- What the task asks: Retype the listing below exactly, pictures removed.

- Dataset section:
##############################

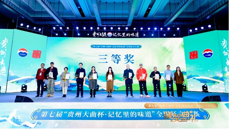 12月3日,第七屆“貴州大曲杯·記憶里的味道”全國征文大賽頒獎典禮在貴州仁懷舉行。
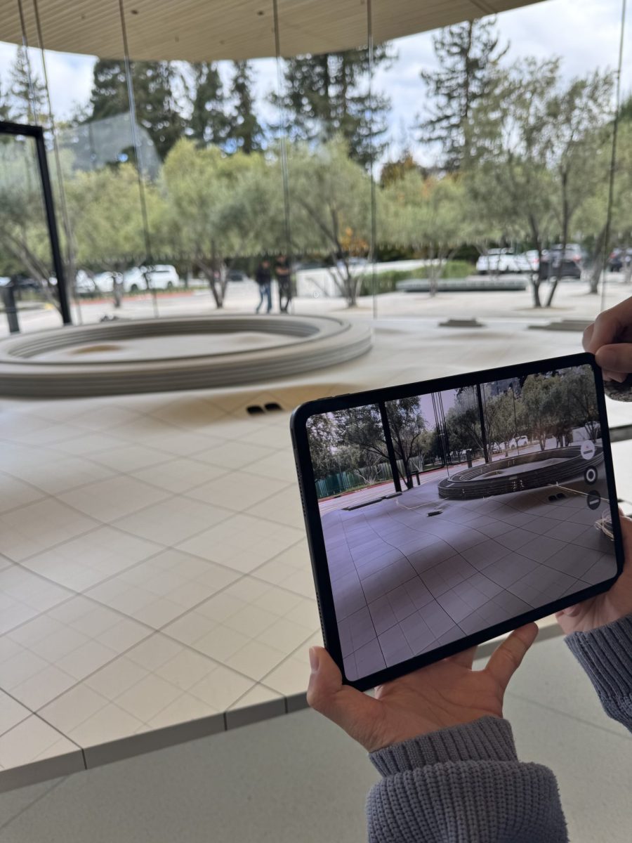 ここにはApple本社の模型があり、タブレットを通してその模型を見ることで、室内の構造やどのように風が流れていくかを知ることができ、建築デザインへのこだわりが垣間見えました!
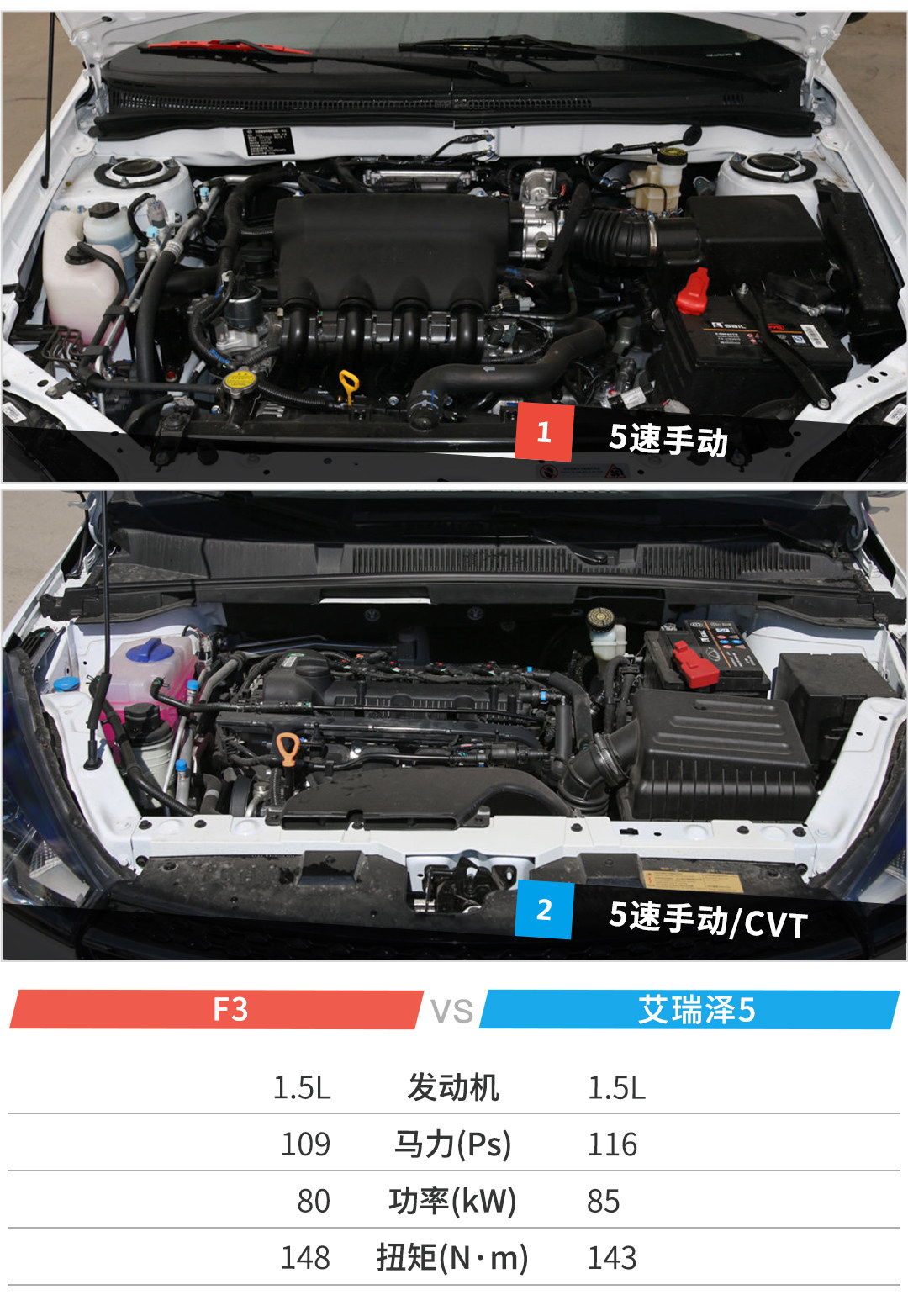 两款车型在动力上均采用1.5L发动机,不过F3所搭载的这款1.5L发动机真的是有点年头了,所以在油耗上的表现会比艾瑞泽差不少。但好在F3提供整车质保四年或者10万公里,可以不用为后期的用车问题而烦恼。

##############################

- Answer space:
 12月3日,第七屆“貴州大曲杯·記憶里的味道”全國征文大賽頒獎典禮在貴州仁懷舉行。
 ここにはApple本社の模型があり、タブレットを通してその模型を見ることで、室内の構造やどのように風が流れていくかを知ることができ、建築デザインへのこだわりが垣間見えました!
 两款车型在动力上均采用1.5L发动机,不过F3所搭载的这款1.5L发动机真的是有点年头了,所以在油耗上的表现会比艾瑞泽差不少。但好在F3提供整车质保四年或者10万公里,可以不用为后期的用车问题而烦恼。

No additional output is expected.